Transmission of information from humans to machines has been traditionally achieved though manually-operated keyboards, which presupposes machines having dimensions at least as large as the comfortable finger-spread of two human hands. With the advent of electronic devices requiring information input but which are smaller than traditional personal computers, the information input began to take other forms, such as pen pointing, touchpads, and voice commands. The information capable of being transmitted by pen-pointing and touchpads is limited by the display capabilities of the device (such as personal digital assistants (PDAs) and mobile phones). Therefore, significant research effort has been devoted to speech recognition systems for electronic devices. Among the approaches to speech recognition by machine is for the machine to attempt to decode a speech signal waveform based on the observed acoustical features of the signal and the known relation between acoustic features and phonetic sounds. This acoustic-phonetic approach has been the subject of research for almost 50 years, but has not resulted in much success in practice (rf. Fundamentals of Speech Recognition, L. Rabiner & B. H. Juang, Prentice-Hall). Problems abound, for example, it is known in the speech recognition art that even in a speech waveform plot, "it is often difficult to distinguish a weak, unvoiced sound (like "f" or "th") from silence, or a weak, voiced sound (like "v" or "m") from unvoiced sounds or even silence" and there are large variations depending on the identity of the closely-neighboring phonetic units, the so-called coarticulation of sounds (ibid.). After the decoding, the determination of the word in the acoustic-phonetic approach is attempted by use of the so-called phoneme lattice which represents a sequential set of phonemes that are likely matches to spoken input. The vertical position of a phoneme in the lattice is a measure of the goodness of the acoustic match to phonetic unit ("lexical access"). But "the real problem with the acoustic-phonetic approach to speech recognition is the difficulty in getting a reliable phoneme lattice for the lexical access stage" (ibid.); that is, it is almost impossible to label an utterance accurately because of the large variations inherent in any language.
In the pattern-recognition approach, a knowledge base of versions of a given speech pattern is assembled ("training"), and recognition is achieved through comparison of the input speech pattern with the speech patterns in the knowledge base to determine the best match. The paradigm has four steps: (1) feature extraction using spectral analysis, (2) pattern training to produce reference patterns for an utterance class, (3) pattern classification to compare unknown test patterns with the class reference pattern by measuring the spectral "distance" between two well-defined spectral vectors and aligning the time to compensate for the different rates of speaking of the two patterns (dynamic time warping, DTW), and (4) decision logic whereby similarity scores are utilized to select the best match.
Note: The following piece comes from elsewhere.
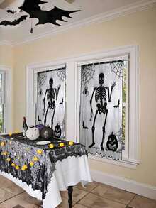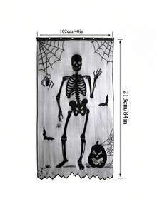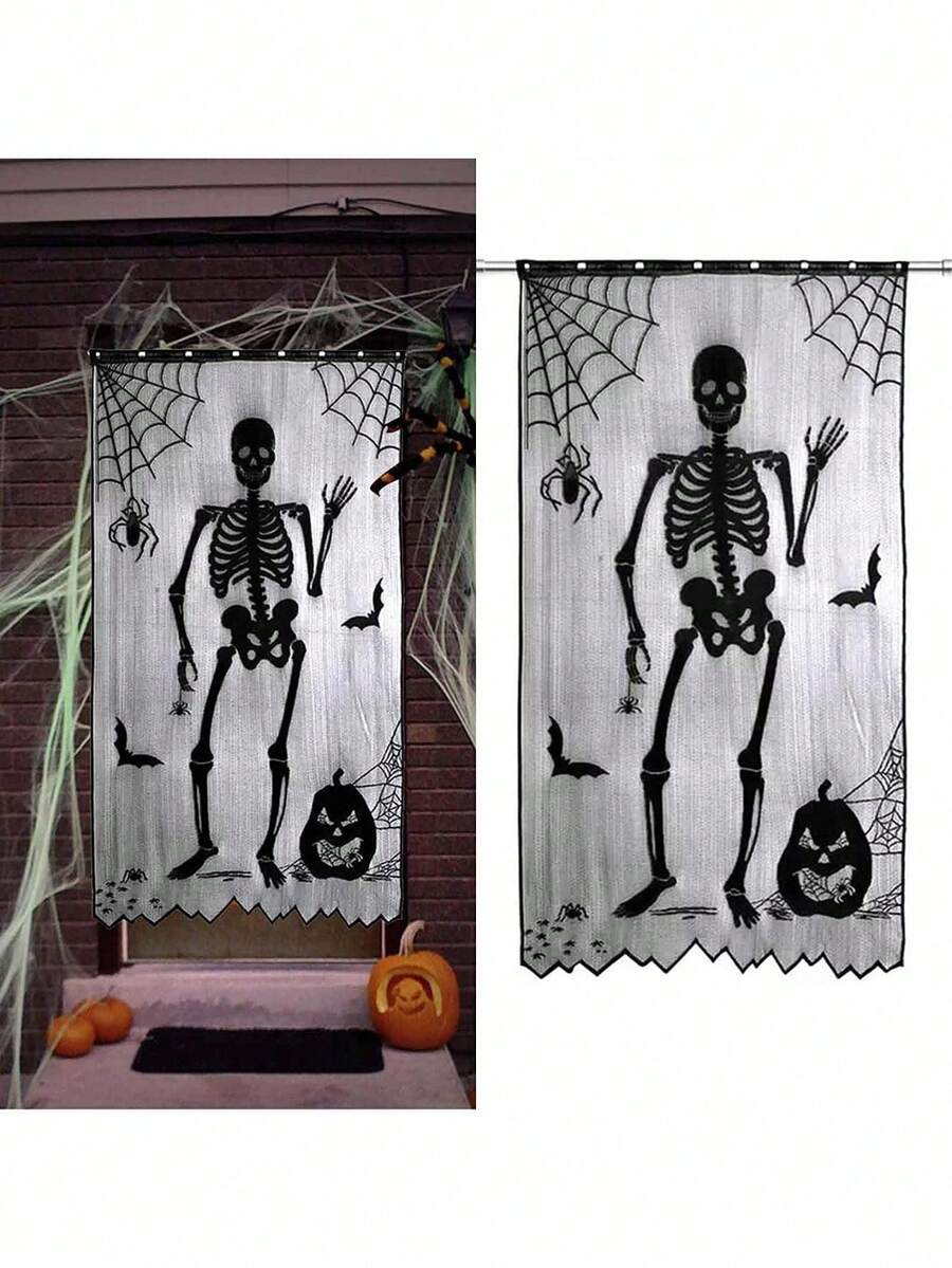 Goth 1 pezzo Tenda per porta con ragnatela di pizzo nera, teschio e ossa umane - Decorazione per porta e finestra di Ognissanti, decorazione per la casa, decorazioni festive

Pattern recognition requires heavy computation, particularly for steps (2) and (3) and pattern recognition for large numbers of sound classes often becomes prohibitive.
Therefore, systems relying on the human voice for information input, because of the inherent vagaries of speech (including homophones, word similarity, accent, sound level, syllabic emphasis, speech pattern, background noise, and so on), require considerable signal processing power and large look-up table databases in order to attain even minimal levels of accuracy. Mainframe computers and high-end workstations are beginning to approach acceptable levels of voice recognition, but even with the memory and computational power available in present personal computers (PCs), speech recognition for those machines is so far largely limited to given sets of specific voice commands. For devices with far less memory and processing power than PCs, such as PDAs, mobile phones, toys, entertainment devices, accurate recognition of natural speech has been hitherto impossible. For example, a typical voice-activated cellular phone allows preprogramming by reciting a name and then entering an associated number. When the user subsequently recites the name, a microprocessor in the cell phone will attempt to match the recited name's voice pattern with the stored number. As anyone who has used present day voice-activated cell phones knows, the match is sometimes inaccurate (due to inconsistent pronunciation, background noise, and inherent limitations due to lack of processing power) and only about 25 stored numbers are possible. In PDA devices, it is necessary for device manufacturers to perform extensive redesign to achieve even very limited voice recognition (for example, present PDAs cannot search a database in response to voice input).
As for spelling words for voice input, there is the problem with the confusable sets: {A,J,K}, {B,C,D,E,G,P,T,V,Z}, {Q,U}, {I,Y}, and {F,S,X}. These can generally only be discriminated based upon a small, critical portion of the utterance. Since conventional recognition relies on a simple accumulated distortion score over the entire utterance duration (a binary "yes" or "no"), this does not place sufficient emphasis on the critical parts resulting in poor recognition accuracy. Clearly, an approach would be to weight the critical portions, but this method has not achieved high recognition accuracy and carries a heavy computational burden.
In summary, the memory and computation necessary for accurate and fast voice recognition also require increased electrical power and complex operating systems; all of these carry increased cost. Thus present voice recognition technology is not feasible for mobile communication devices because of their weight, electrical power requirement, complexity, and cost.